WHAT TO DO: Pictures stay out of the copy. Retype exactly, and only, the lines from the one containing "つばめ野級2組の3時間目は、" through the end of the listing below.

MATERIAL PROVIDED:
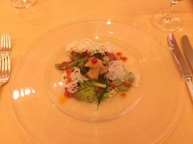 中央には天使の海老をコンソメのジュレで固めたもの。
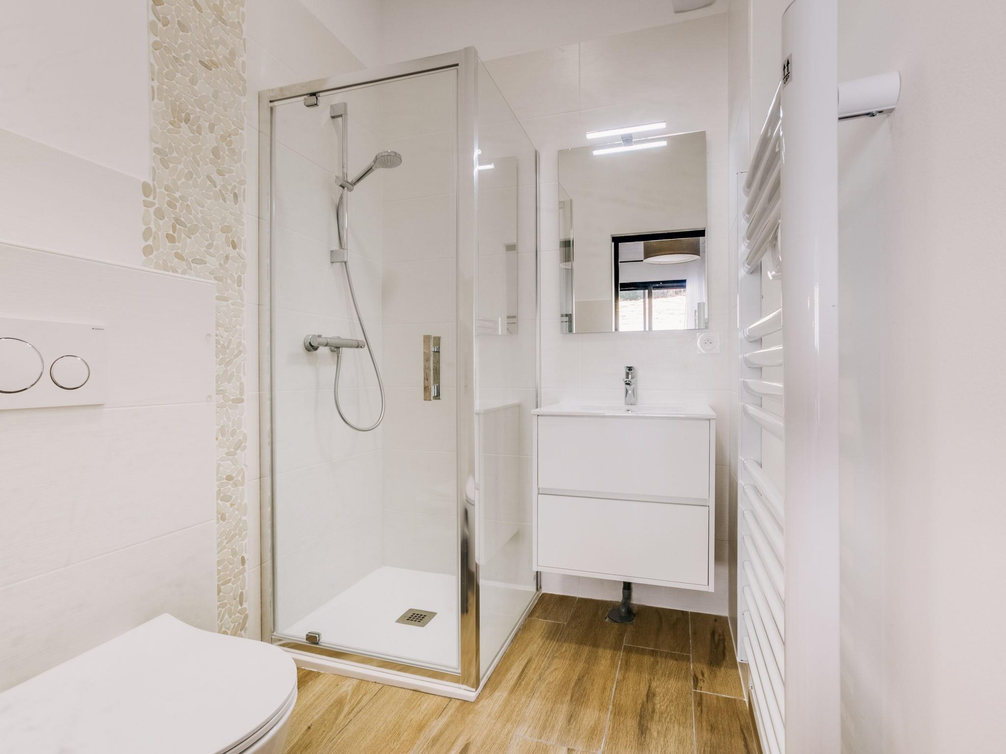 4-room house 78 m2 on 3 levels on 1st floor. Comfortable and modern furnishings: living/dining room with TV and international TV channels (flat screen), air conditioning and electric shutters. Exit to the terrace. Upper floor: kitchen (oven, dishwasher, 1 induction hot plates, 3 gas rings, toaster, kettle, microwave, freezer, electric coffee machine, Capsules for coffee machine (Nespresso) extra) with air conditioning. Exit to the terrace. Shower, sep. WC. Air-conditioning, forced-air heating. 2nd upper floor: 1 room with 1 french bed (160 cm, length 200 cm), shower/WC. Exit to the terrace. 1 room with 1 x 2 bunk beds (90 cm, length 190 cm), 1 french bed (160 cm, length 200 cm). Wooden floors. 2 terraces 40 m2. Terrace furniture, barbecue, deck chairs. Facilities: washing machine, iron. Internet (WiFi, free). Parking (2 cars). Please note: non-smoking house. Maximum 1 pet/ dog allowed. Smoke alarm. Please note : bunk beds and french bed are separated by a glass door, between the living room and the kitchen 6 steps, between the kitchen and the bedrooms 6 steps. Works in progress in the housing estate..
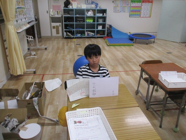 つばめ野級2組の3時間目は、プリントの時間でした。絵や数字のプリントを進めていました。
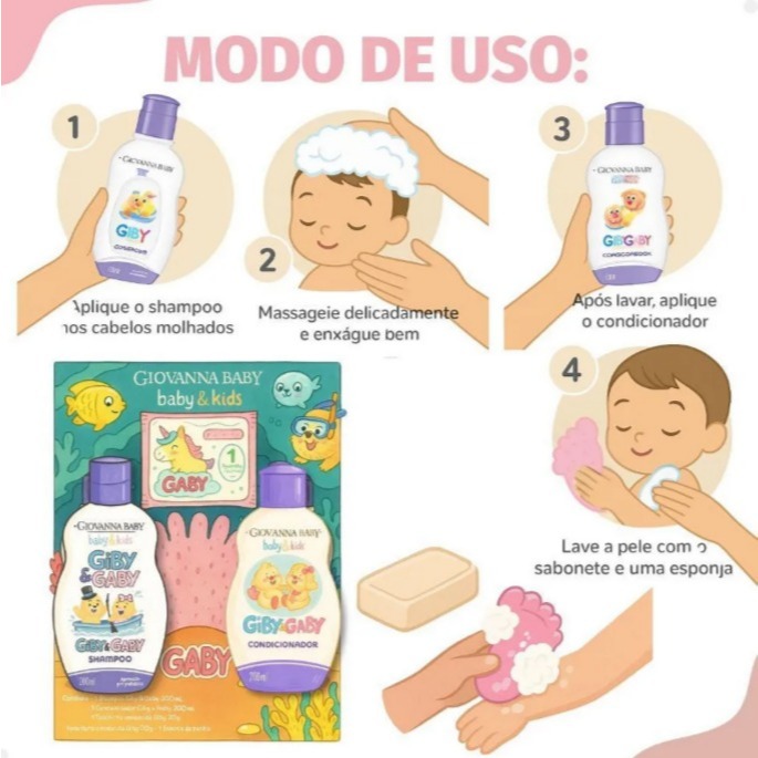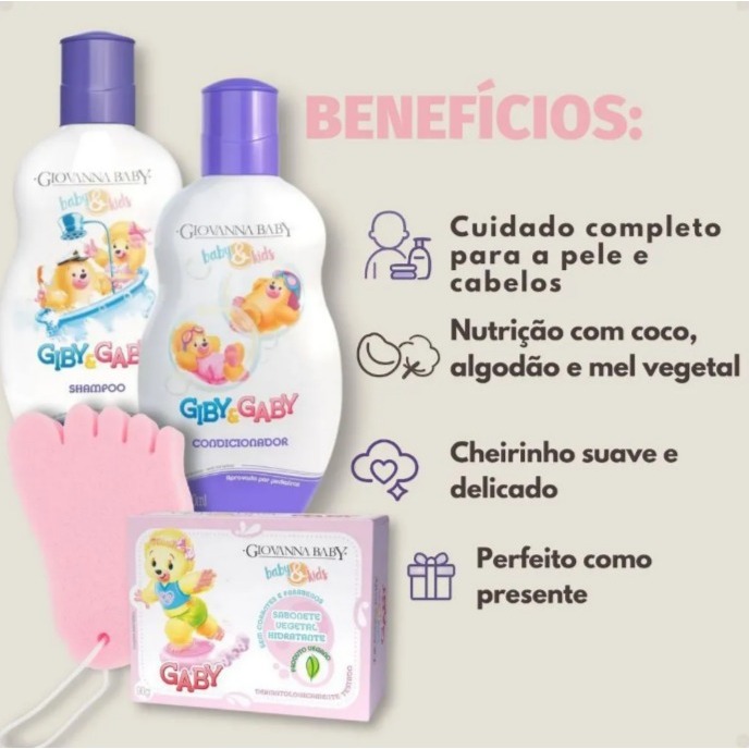 Kit Infantil Giovanna Baby Gaby Hora Do Banho Rosa Com Sabonete Vegetal

SOLUTION TO THE PROBLEM:
 つばめ野級2組の3時間目は、プリントの時間でした。絵や数字のプリントを進めていました。
 Kit Infantil Giovanna Baby Gaby Hora Do Banho Rosa Com Sabonete Vegetal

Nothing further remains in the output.